The main diagonal is defined by Euler's polynomial $F(n) = n^2+n+41$, and yields distinct primes for 40 consecutive $n = 0\,\text{to}\,39$.

If we let $c = 3527$ as in this old sci.math post, we get,

$$\begin{array}{cccccccc} \color{blue}{3569}&3570&3571&3572&3573&3574&\to\\ 3568&\color{red}{3547}&3548&3549&3550&3551&3552\\ 3567&3546&\color{red}{3533}&3534&3535&3536&3553\\ 3566&3545&3532&\color{red}{\small{c=\,}3527}&3528&3537&3554\\ 3565&3544&3531&3530&\color{red}{3529}&3538&3555\\ 3564&3543&3542&3541&3540&\color{red}{3539}&3556\\ 3563&3562&3561&3560&3559&3558&\color{red}{3557}&\downarrow\\ \end{array}$$

The polynomial is $G(n) = 4n^2-2n+3527$ and is prime for 23 consecutive $n = -2\,\text{to}\,20$. Its square-free discriminant is $d = -14107$ and has class number $h(d) = 11$. This is the 3rd largest (in absolute value) with that $h(d)$. The blue number, $G(-3)=3569$ is not prime.

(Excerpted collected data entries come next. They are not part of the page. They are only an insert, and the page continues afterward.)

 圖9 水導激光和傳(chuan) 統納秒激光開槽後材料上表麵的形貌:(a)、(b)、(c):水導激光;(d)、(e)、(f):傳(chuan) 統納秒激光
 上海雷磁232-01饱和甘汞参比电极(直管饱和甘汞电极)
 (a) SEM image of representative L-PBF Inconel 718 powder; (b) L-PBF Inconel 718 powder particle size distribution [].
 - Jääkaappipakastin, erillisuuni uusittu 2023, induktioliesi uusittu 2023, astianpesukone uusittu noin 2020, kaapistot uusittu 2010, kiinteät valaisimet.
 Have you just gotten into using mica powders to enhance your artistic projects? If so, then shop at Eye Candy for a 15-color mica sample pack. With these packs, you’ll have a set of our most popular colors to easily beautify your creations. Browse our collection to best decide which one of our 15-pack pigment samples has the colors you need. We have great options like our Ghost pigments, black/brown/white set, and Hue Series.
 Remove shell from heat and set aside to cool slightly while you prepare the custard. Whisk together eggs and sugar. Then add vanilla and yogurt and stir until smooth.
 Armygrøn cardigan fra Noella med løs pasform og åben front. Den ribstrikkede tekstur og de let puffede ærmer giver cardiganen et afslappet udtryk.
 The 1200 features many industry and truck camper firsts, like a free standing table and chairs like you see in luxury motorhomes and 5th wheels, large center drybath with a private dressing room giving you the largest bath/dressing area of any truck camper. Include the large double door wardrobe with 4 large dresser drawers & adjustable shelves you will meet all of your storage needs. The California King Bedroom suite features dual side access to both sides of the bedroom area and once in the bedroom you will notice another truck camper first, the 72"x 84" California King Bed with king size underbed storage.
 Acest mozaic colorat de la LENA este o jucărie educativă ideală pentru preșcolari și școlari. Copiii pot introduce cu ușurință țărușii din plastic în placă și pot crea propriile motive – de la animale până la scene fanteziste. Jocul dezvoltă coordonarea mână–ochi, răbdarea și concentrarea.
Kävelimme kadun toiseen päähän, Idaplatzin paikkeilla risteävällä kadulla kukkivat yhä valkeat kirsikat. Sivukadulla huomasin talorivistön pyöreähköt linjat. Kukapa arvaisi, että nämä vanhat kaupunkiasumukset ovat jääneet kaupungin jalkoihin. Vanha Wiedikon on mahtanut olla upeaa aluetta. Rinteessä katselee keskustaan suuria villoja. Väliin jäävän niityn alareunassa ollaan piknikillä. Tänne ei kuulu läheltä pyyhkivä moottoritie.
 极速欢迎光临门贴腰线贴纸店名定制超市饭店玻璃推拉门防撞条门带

Question: For $F(n) = n^2+n+p$, the record is held by Euler's polynomial. For the form $G(n) = 4n^2\pm 2n+p$, is there a better one?

P.S. Other polynomials such as $F(n) = 6n^2+6n+31$ are prime for $n=0\,\text{to}\,28$, but are not diagonals in the Ulam spiral.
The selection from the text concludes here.